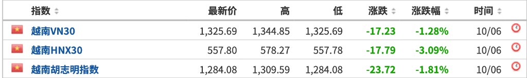 越南股市大跌,越南 HNX30 指數跌超 3%,澳大利亞 S&P/ASX200 指數跌至 1.25%。
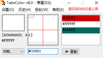 takecolor取色器是一款轻量便捷的屏幕取色软件,软件的功能非常强大,能轻松捕捉屏幕上的颜色并将颜色提取出来。除了提供取色的功能外还提供格式转换的功能,可以自行选择输出的颜色格式,满足用户的需求。
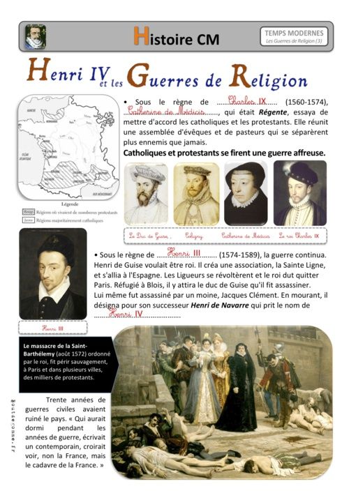 Henri IV et les Guerres de religion / révisions CM grâce à un style de référence pour les primaires: boutdegomme.fr
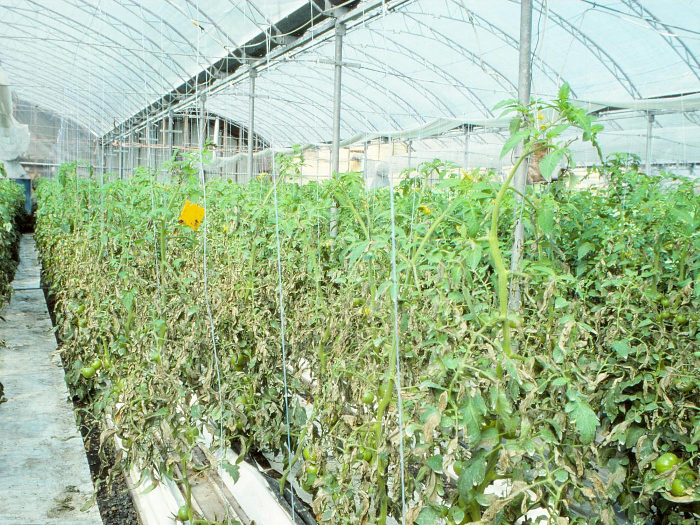 Le mildiou, causé par Phytophthora infestans, est un parasite susceptible de s'attaquer à tous les organes aériens de la plante. C’est une maladie commune et extrêmement destructive de la tomate. Le mildiou affecte davantage la tomate de champ que celle cultivée en serre sauf si les conditions serricoles sont fraîches et humides. Phytophthora infestans affecte également la pomme de terre, le poivron, l’aubergine, le pétunia et des mauvaises herbes des solanacées (surtout les morelles (Solanum spp.)). Au champ, la tomate est infectée si elle est cultivée près des champs de pommes de terre attaquées par le mildiou. En serre, l’inoculum provient des champs de pommes de terre infectés des environs. Le mildiou évolue rapidement si les conditions sont humides et que la maladie n’est pas contrôlée. Les cultures peuvent être détruites en quelques jours. Une fois établie, la lutte à Phytophthora est ardue, voire impossible. Les plants affectés sont distribués en foyers.
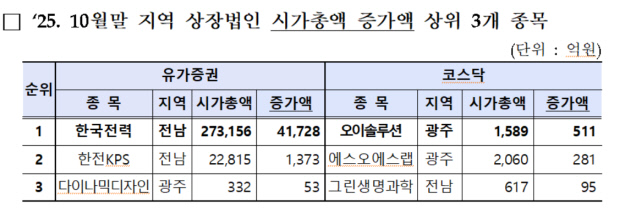 10월 말 기준 지역 상장사 시총을 보면 한전이 27조 3156억원으로 4조 1728억원 올라 가장 큰 상승폭을 보였다. 이어 한전KPS(1373억원), 오이솔루션(1589억원), 에스오에스랩(281억원), 그린생명과학(95억원) 등도 순으로 시총 증가액이 컸다.
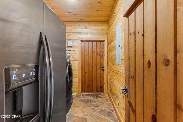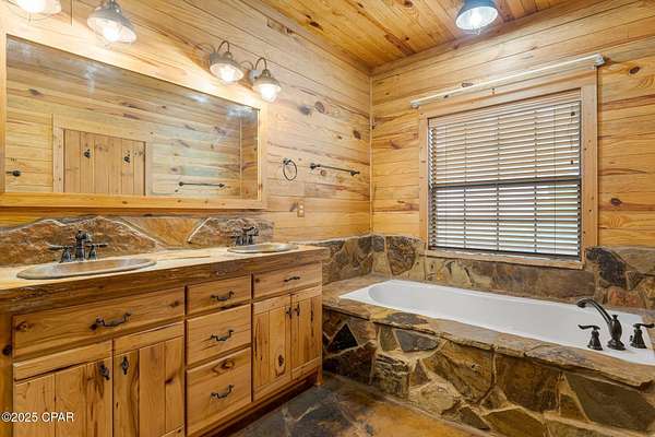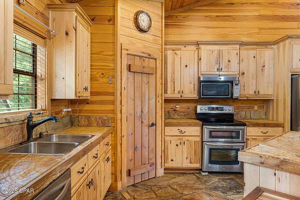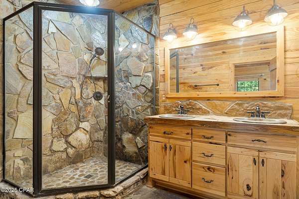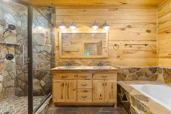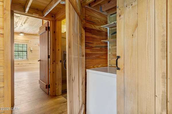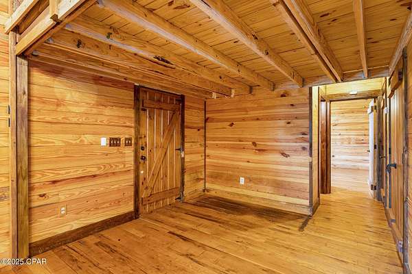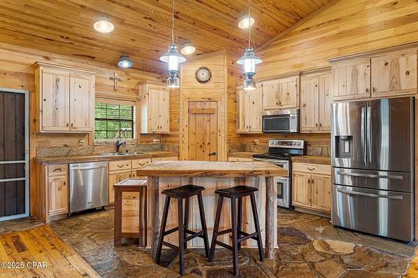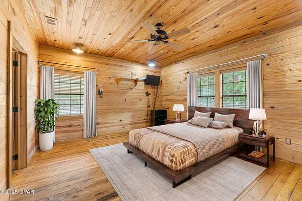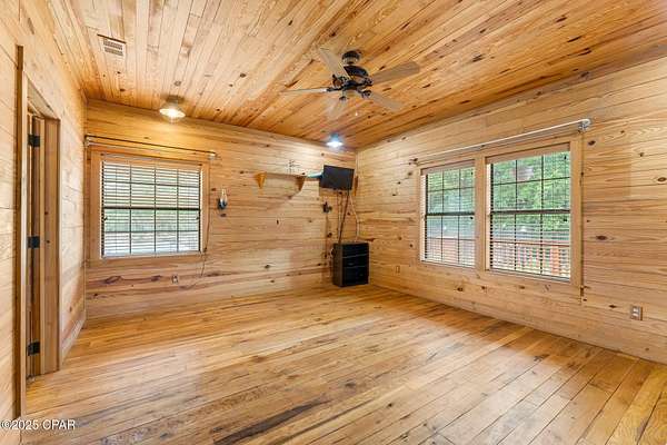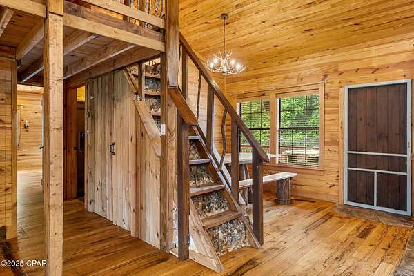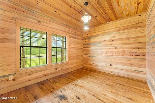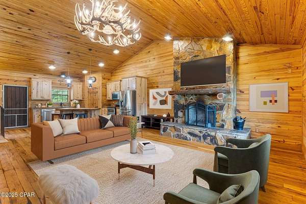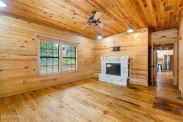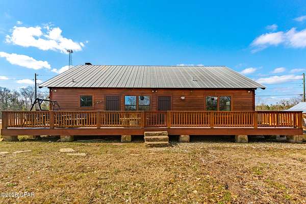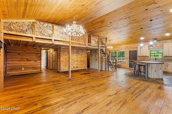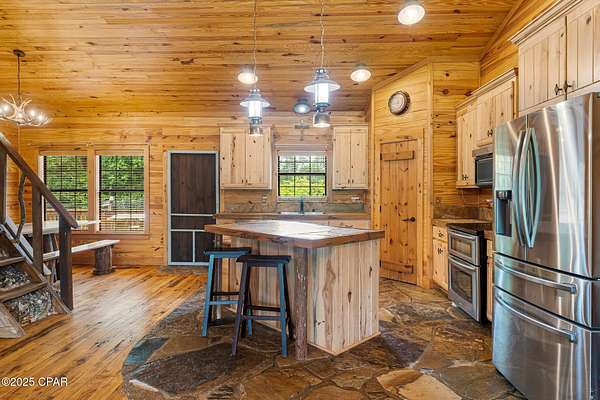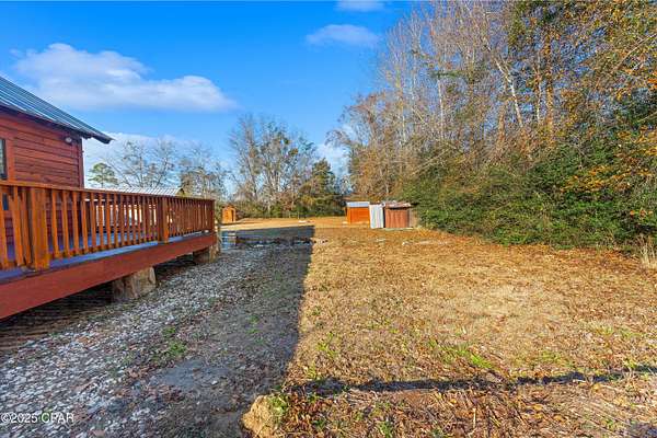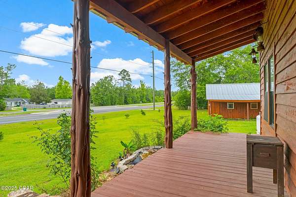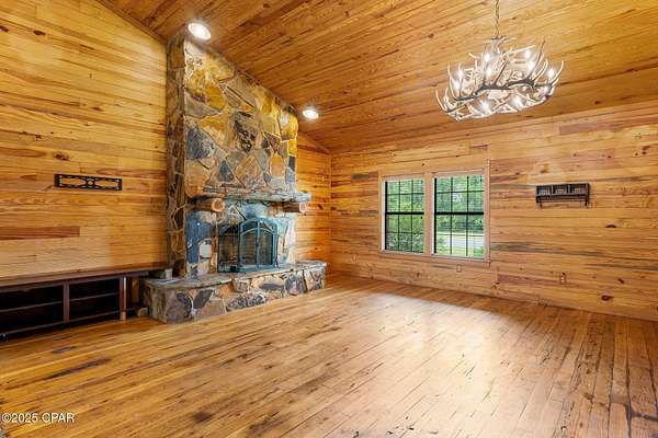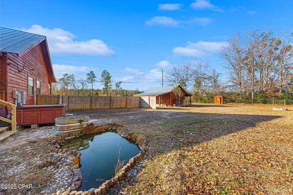 CURRENTLY UNDER CONTRACT, SELLER WILL CONSIDER BACKUP OFFERSDiscover the rare opportunity to own an authentic log cabin on nearly 6 acres of beautiful land in Chipley, Florida. This home provides a serene retreat with ultimate privacy, perfect for the outdoor enthusiast. It includes 2 full bedrooms, one and a half bathrooms, and an additional loft area upstairs, suitable for a third bedroom or storage. As you enter, you will instantly notice the hardwood flooring throughout, rustic lighting fixtures, floor to ceiling stone-woodburning fireplace, tongue & groove vaulted ceilings, and recessed lighting in the living room. The open concept floor plan features a kitchen that contains a large island, custom wood cabinets and pantry, and stainless-steel appliances. The one-of-a-kind wood dining table conveys with the sale. There is a washer and dryer and an additional refrigerator in the laundry room that will all convey with the sale as well as a deep freezer that will remain with the property. The primary bedroom is spacious and contains a large walk-in closet and electric fireplace. The ensuite bathroom features a double vanity, stone shower matching the wood burning fireplace in the living room, and large soaking tub. The front porch is massive, measuring approximately 50' x 8, which allows ample room for rocking chairs and the opportunity to enjoy sunsets on the front porch swing. This gem of a property is fully equipped with a Generac Generator ideal for power outages, and includes a double carport with additional attic storage, a large back deck area, and a powered workshop. The property is expansive enough for hunting white-tail deer during the season and has the potential to establish a shooting range for the sportsman. This property offers a blend of rustic charm and modern conveniences, making it an ideal home for outdoor enthusiasts. With this location, you are only a short 6-minute drive to Walmart Supercenter, Blue Lake Park (Earl Gilbert Landing), and various restaurant opportunities. Don't miss out on the chance to own this gem in Chipley, Florida.

========================================

▶ **PROBLEM REQUIREMENTS**
Could you reproduce every record above exactly, leaving out the pictures?

▶ **OUTPUT**
 越南股市大跌,越南 HNX30 指數跌超 3%,澳大利亞 S&P/ASX200 指數跌至 1.25%。
 takecolor取色器是一款轻量便捷的屏幕取色软件,软件的功能非常强大,能轻松捕捉屏幕上的颜色并将颜色提取出来。除了提供取色的功能外还提供格式转换的功能,可以自行选择输出的颜色格式,满足用户的需求。
 Henri IV et les Guerres de religion / révisions CM grâce à un style de référence pour les primaires: boutdegomme.fr
 Le mildiou, causé par Phytophthora infestans, est un parasite susceptible de s'attaquer à tous les organes aériens de la plante. C’est une maladie commune et extrêmement destructive de la tomate. Le mildiou affecte davantage la tomate de champ que celle cultivée en serre sauf si les conditions serricoles sont fraîches et humides. Phytophthora infestans affecte également la pomme de terre, le poivron, l’aubergine, le pétunia et des mauvaises herbes des solanacées (surtout les morelles (Solanum spp.)). Au champ, la tomate est infectée si elle est cultivée près des champs de pommes de terre attaquées par le mildiou. En serre, l’inoculum provient des champs de pommes de terre infectés des environs. Le mildiou évolue rapidement si les conditions sont humides et que la maladie n’est pas contrôlée. Les cultures peuvent être détruites en quelques jours. Une fois établie, la lutte à Phytophthora est ardue, voire impossible. Les plants affectés sont distribués en foyers.
 10월 말 기준 지역 상장사 시총을 보면 한전이 27조 3156억원으로 4조 1728억원 올라 가장 큰 상승폭을 보였다. 이어 한전KPS(1373억원), 오이솔루션(1589억원), 에스오에스랩(281억원), 그린생명과학(95억원) 등도 순으로 시총 증가액이 컸다.
 CURRENTLY UNDER CONTRACT, SELLER WILL CONSIDER BACKUP OFFERSDiscover the rare opportunity to own an authentic log cabin on nearly 6 acres of beautiful land in Chipley, Florida. This home provides a serene retreat with ultimate privacy, perfect for the outdoor enthusiast. It includes 2 full bedrooms, one and a half bathrooms, and an additional loft area upstairs, suitable for a third bedroom or storage. As you enter, you will instantly notice the hardwood flooring throughout, rustic lighting fixtures, floor to ceiling stone-woodburning fireplace, tongue & groove vaulted ceilings, and recessed lighting in the living room. The open concept floor plan features a kitchen that contains a large island, custom wood cabinets and pantry, and stainless-steel appliances. The one-of-a-kind wood dining table conveys with the sale. There is a washer and dryer and an additional refrigerator in the laundry room that will all convey with the sale as well as a deep freezer that will remain with the property. The primary bedroom is spacious and contains a large walk-in closet and electric fireplace. The ensuite bathroom features a double vanity, stone shower matching the wood burning fireplace in the living room, and large soaking tub. The front porch is massive, measuring approximately 50' x 8, which allows ample room for rocking chairs and the opportunity to enjoy sunsets on the front porch swing. This gem of a property is fully equipped with a Generac Generator ideal for power outages, and includes a double carport with additional attic storage, a large back deck area, and a powered workshop. The property is expansive enough for hunting white-tail deer during the season and has the potential to establish a shooting range for the sportsman. This property offers a blend of rustic charm and modern conveniences, making it an ideal home for outdoor enthusiasts. With this location, you are only a short 6-minute drive to Walmart Supercenter, Blue Lake Park (Earl Gilbert Landing), and various restaurant opportunities. Don't miss out on the chance to own this gem in Chipley, Florida.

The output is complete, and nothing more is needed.